There are many possible GOP structures. A common GOP structure is 15 frames long, and has the sequence I_BB_P_BB_P_BB_P_BB_P_BB_. A similar 12-frame sequence is also common. I-frames encode for spatial redundancy, P and B-frames for both temporal redundancy and spatial redundancy. Because adjacent frames in a video stream are often well-correlated, P-frames and B-frames are only a small percentage of the size of I-frames. However, there is a trade-off between the size to which a frame can be compressed versus the processing time and resources required to encode such a compressed frame. The ratio of I, P and B-frames in the GOP structure is determined by the nature of the video stream and the bandwidth constraints on the output stream, although encoding time may also be an issue. This is particularly true in live transmission and in real-time environments with limited computing resources, as a stream containing many B-frames can take much longer to encode than an I-frame-only file.
B-frames and P-frames require fewer bits to store picture data, generally containing difference bits for the difference between the current frame and a previous frame, subsequent frame, or both. B-frames and P-frames are thus used to reduce redundancy information contained across frames. In operation, a decoder receives an encoded B-frame or encoded P-frame and uses a previous or subsequent frame to reconstruct the original frame.
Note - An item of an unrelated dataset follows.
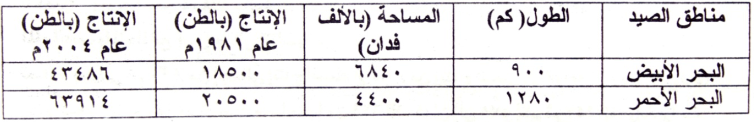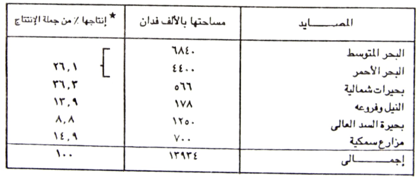 ومما سبق يتضح أن جملة المساحات الصالحة للصيد في مصر يزيد عن ضعف المساحة الزراعية النباتية فقد بلغت حوالى ۹۳،۱۳ مليون فدان بيانها كالتالي:
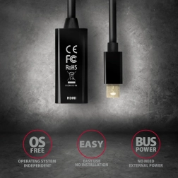 Kompaktní aktivní adaptér AXAGON z mini DisplayPort na HDMI umožní snadno připojit monitor, TV nebo projektor k počítači či notebooku s mini DP výstupem. Nabízí 4K rozlišení při 30 Hz, přenos obrazu i zvuku, bezdrátovou instalaci bez ovladačů a pozlacené konektory pro spolehlivý kontakt. Jednosměrná konverze z mini DisplayPort → HDMI je ideální, když již máte HDMI kabel a potřebujete pouze redukci.

This process is much easier and produces smoother scene transitions when sequential frames are substantially similar, since the difference in the frames is small.
Each video image is separated into one luminance (Y) and two chrominance channels (also called color difference signals Cb and Cr). Blocks of the luminance and chrominance arrays are organized into “macroblocks,” which are the basic unit of coding within a frame.
In the case of I-frames, the actual image data is passed through an encoding process. However, P-frames and B-frames are first subjected to a process of “motion compensation.” Motion compensation is a way of describing the difference between consecutive frames in terms of where each macroblock of the former frame has moved. Such a technique is often employed to reduce temporal redundancy of a video sequence for video compression. Each macroblock in the P-frames or B-frame is associated with an area in the previous or next image that it is well-correlated, as selected by the encoder using a “motion vector.” The motion vector that maps the macroblock to its correlated area is encoded, and then the difference between the two areas is passed through the encoding process.
Conventional video codecs use motion compensated prediction to efficiently encode a raw input video stream. The macroblock in the current frame is predicted from a displaced macroblock in the previous frame. The difference between the original macroblock and its prediction is compressed and transmitted along with the displacement (motion) vectors. This technique is referred to as inter-coding, which is the approach used in the MPEG standards.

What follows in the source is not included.